The statute commands that the Board must order "back pay" if the
policy of the Act will thereby be effectuated. At least two persons
are immediately involved in "back pay," as here used: one who pays
and one who receives. The propriety of a "back pay" order as an
instrumentality for effectuating the Act's policies must therefore
be determined by the manner in which it influences the payor and
payee, one, or both. The central policy of the Act is protection to
employees from employer interference, intimidation, and coercion in
relation to unionization and collective bargaining. We cannot doubt
but that a back pay order, as applied to the employer, will
effectually aid in safeguarding these rights. We believe, as did
the Board and the court below, that it may well be said that the
policies of the Act will be effectuated by denying to an offending
employer the opportunity of shifting to government relief agencies
the burden of supporting his wrongfully discharged employees. The
knowledge that he may be called upon to pay out the wages his
employees would have earned but for their wrongful discharge,
regardless of any assistance government may have rendered them
during their unemployment, might well be a factor in inducing an
employer to comply with the Act.
And the construction of the provision for back pay is not helped
by labeling the Act's purpose or the Board's action as either
"punitive" or "remedial." The "back
Page 311 U. S. 15
pay" provision is clear and unambiguous. Hence, it is enough
here for us to determine what Congress meant from what it said.

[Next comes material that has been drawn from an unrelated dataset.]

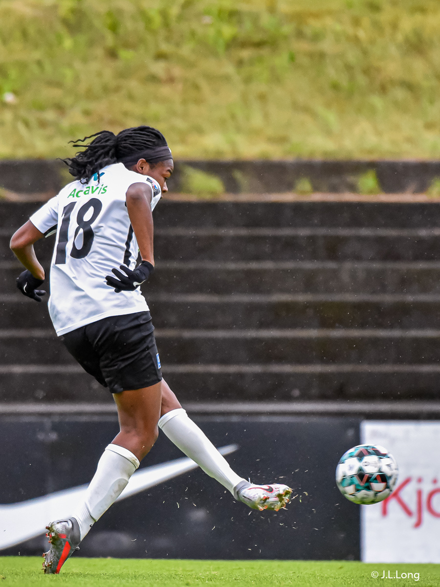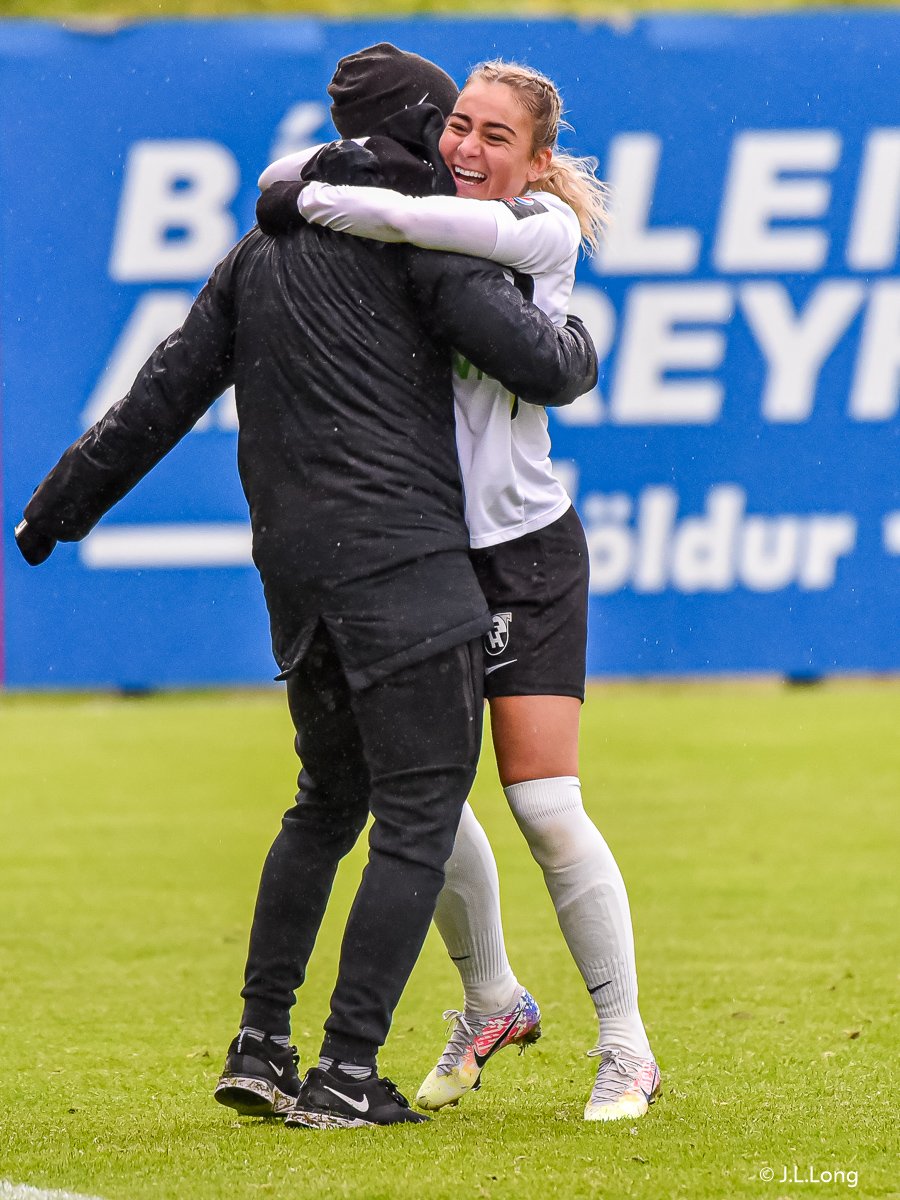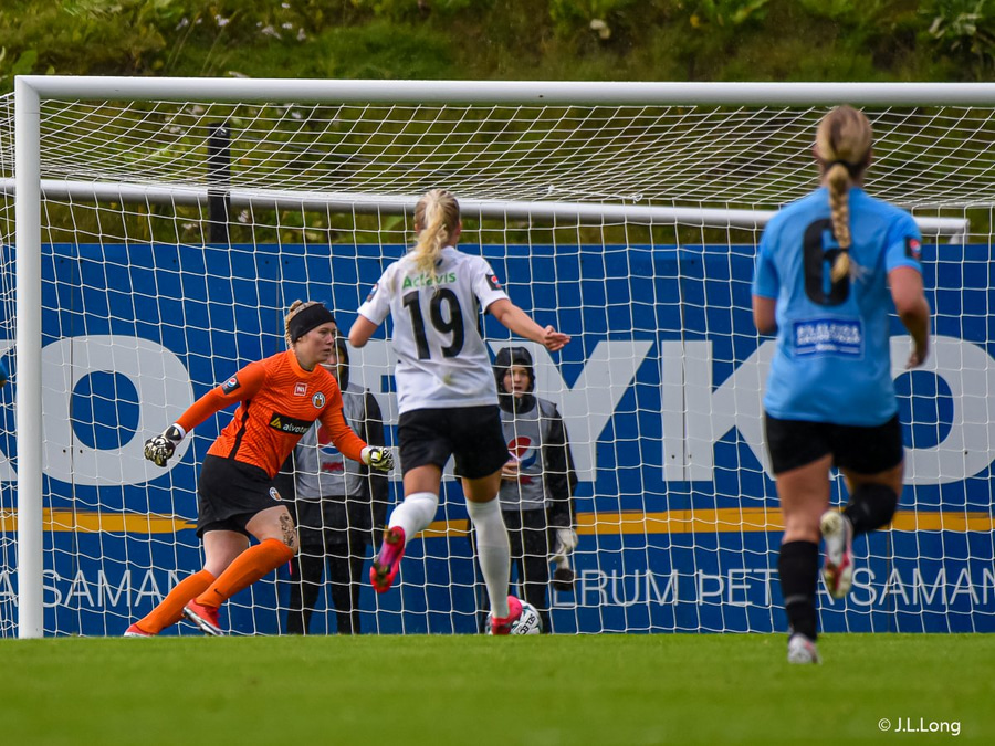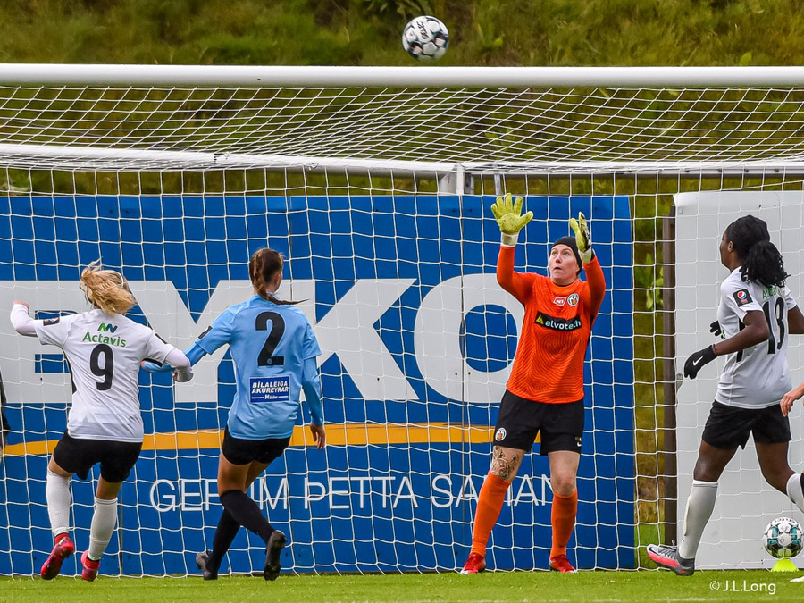 Valgerður með langan bolta inn á Phoenetiu sem klárar laglega í hægra hornið og það lifnar verulega yfir stúkunni
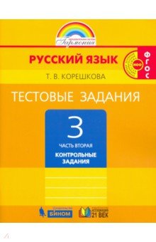 Русский язык. 3 класс. Тестовые задания. В 2-х частях. Часть 2. ФГОС    Авторы: Корешкова Татьяна Вениаминовна  Издательство: Просвещение, Бином  Русский язык. 3 класс. Тестовые задания. В 2-х частях. Часть 2. ФГОС  "Цель сборника тестовых заданий - помочь учителю оперативно организовать проверку сформированности у учащихся как предметных умений по различным разделам курса русского языка, так и универсальных учебных действий, предусмотренных ФГОС.

Nor is there substance to the expressed fear that complete
acceptance of the words as Congress wrote them would vest unlimited
discretion in the Board, because it would not. That discretion is
narrowly limited by the fact that, as to "back pay," the Board can
in no instance award any greater sum than "back pay" for the period
in which the employee was absent from his employer's services by
reason of his employer's violation of the law.